Question

Two capacitors of $2\mu F$ and $3\mu F$ are charged to $150V$ and $120V$ respectively. The plates of capacitor are connected as shown in the figure. An uncharged capacitor of capacity $1.5\mu F$ falls to the free end of the wire. Then :

• A. charge of $1.5\mu F$ capacitor is $180\mu C$
• B. charge on $2\mu F$ capacitor is $120\mu C$
• C. positive charge flows through A from right to left
• D. positive charge flows through A from left to right

Answer 1

Answer: (A), (B), (D)

charge of $1.5\mu F$ capacitor is $180\mu C$
charge on $2\mu F$ capacitor is $120\mu C$
positive charge flows through A from left to right

Initially charge on $2\mu F=2\times 150=300\mu C$ and charge on $3\mu F=3\times 120=360\mu C$

When the uncharged capacitor of capacity $1.5\mu F$ falls to the free end of the wire, it will make a closed loop circuit.

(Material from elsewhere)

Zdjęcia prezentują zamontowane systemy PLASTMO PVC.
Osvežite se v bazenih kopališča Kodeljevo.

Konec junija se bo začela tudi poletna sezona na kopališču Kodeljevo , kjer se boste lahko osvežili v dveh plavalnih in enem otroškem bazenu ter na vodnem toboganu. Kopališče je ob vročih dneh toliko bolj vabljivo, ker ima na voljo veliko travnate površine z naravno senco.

Let $q\mu C$ charge flows in the closed loop in clockwise direction. Then final charges on different capacitors are as shown in figure.

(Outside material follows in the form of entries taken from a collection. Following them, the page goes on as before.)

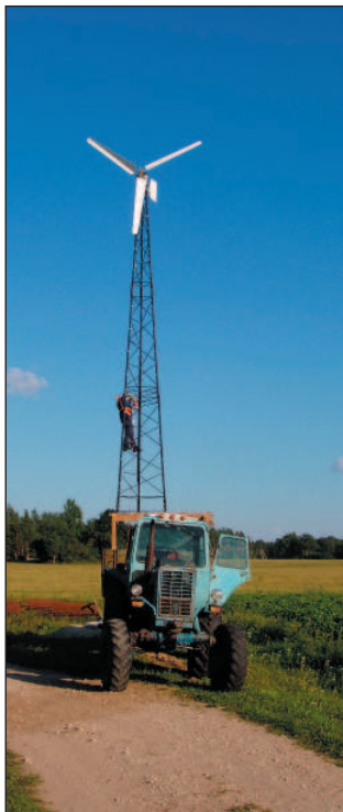
Nii toredast tuulikust ei kannata traktoriga möödagi sõita, kohe kange himu tuleb otsa ronida.

Saare talu vajab kuus 700–800 kilovatt-tundi elektrit. Ukraina päritolu 1,5 kilovattine tuulegeneraator Windelectric toodab paberite järgi kuus 500 kilovatt-tundi voolu. Täisautomaatne süsteem lülitab majapidamise tuule nõrgenedes üldisse elektrivõrku ning vastupidi, vooluallika vahetus end inimeste elus tunda ei anna.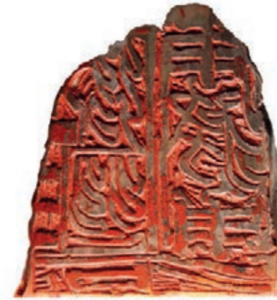
Face gravée du même sceau : le travail au burin doit pouvoir exprimer la vie du pinceau et la fluidité des jeux d'encre Pékin, Chine 2012 Lia Wei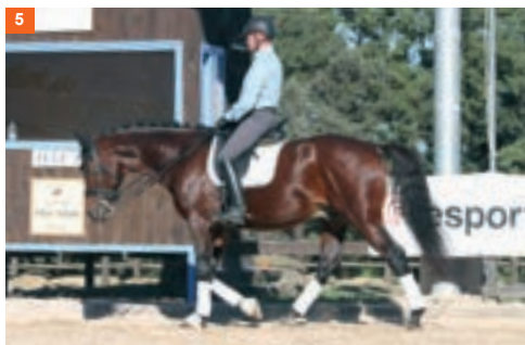
5 Quinta fase y tercer tiempo: mientras la mano derecha sigue avanzando pisa el pie derecho.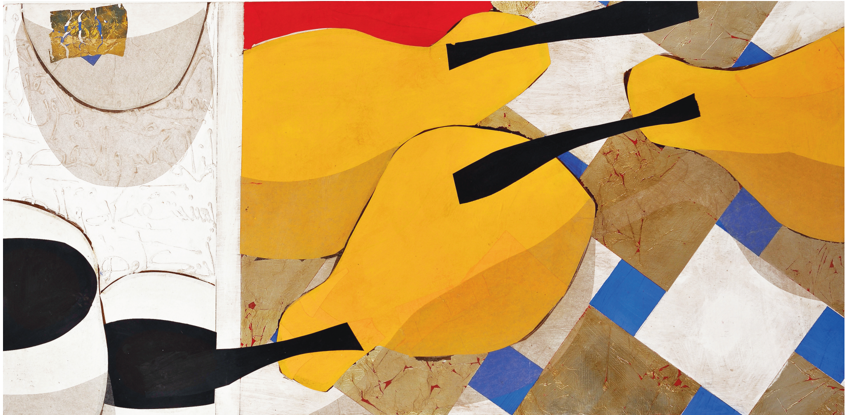
T de Terre VI Technique mixte sur papier, 80 x 150 cm 2007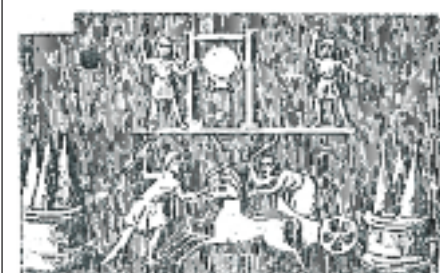
Κάτω, η παράσταση ενός τέθριππου άρματος με τους οβελίσκους των καμπών. Πάνω η κλήρωση των αγωνισμάτων.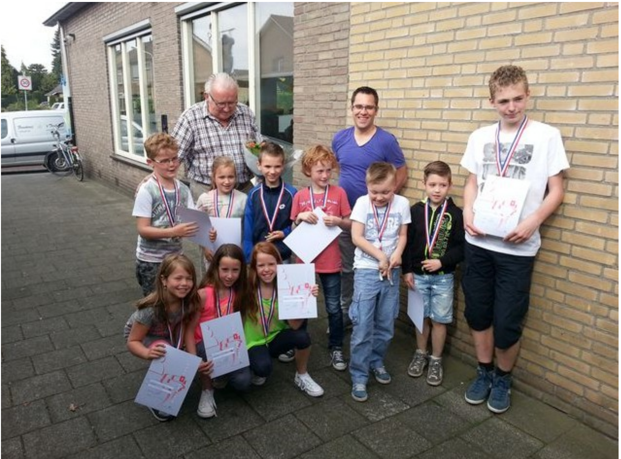
De jeugdafdeling van Eeuwig Schaak van dit seizoen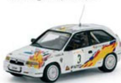
1993 OPEL ASTRA GSI J. M o . Bardolet / J. Muntada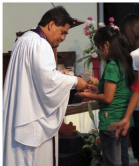
Peserta sedang menerima Perjamuan Kudus.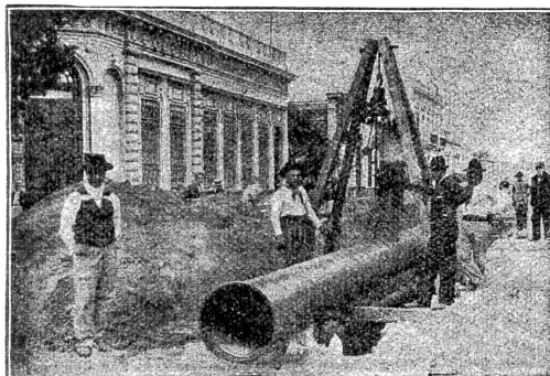
Verlegung überlapptgeschweisster Muffenrohre für die Wasserleitung von La Plata (Argentinien)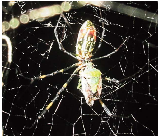
図1. ジョロウグモ雌成体と糸で巻かれずに捕食されたチャバネアオカメムシ。

ジョロウグモは獲物がかかるといきなりかみついて、それから糸を巻くとされている。こうした捕虫行動はアシナガグモやトリノフダマシと同じで捕獲の量の少ないクモの特徴である (池田 2019)。長崎大学教育学部前にいたジョロウグモがカメムシを糸で巻かないで捕食していたのは、カメムシの好ましくない臭いを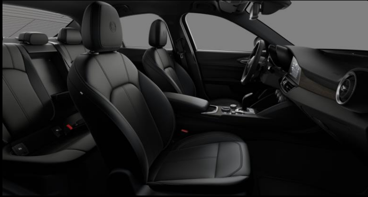
433 – Musta nahkaverhoilu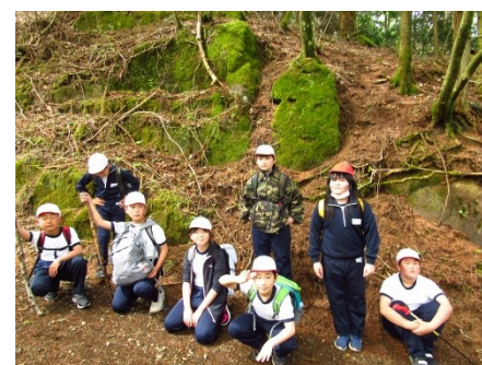
6学年 三つ峠登山道(富士河口湖町) 上りはじめは、余裕だったが…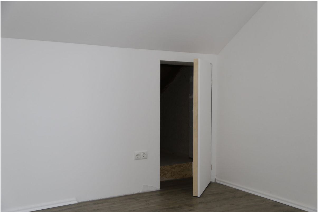
Stauraum im Schlafzimmer

Applying Kirchhoff's law for the loop,

$\frac{300-q}{2}-\frac{q}{1.5}+\frac{360-q}{3}=0$

multiplying by 30 both sides, $4500-15q-20q+3600-10q=0$

or $8100=45q\Rightarrow q=180\mu C$

Thus, positive charge flow through A from left to right.

charge on $2\mu F$ becomes $=300-180=120\mu C$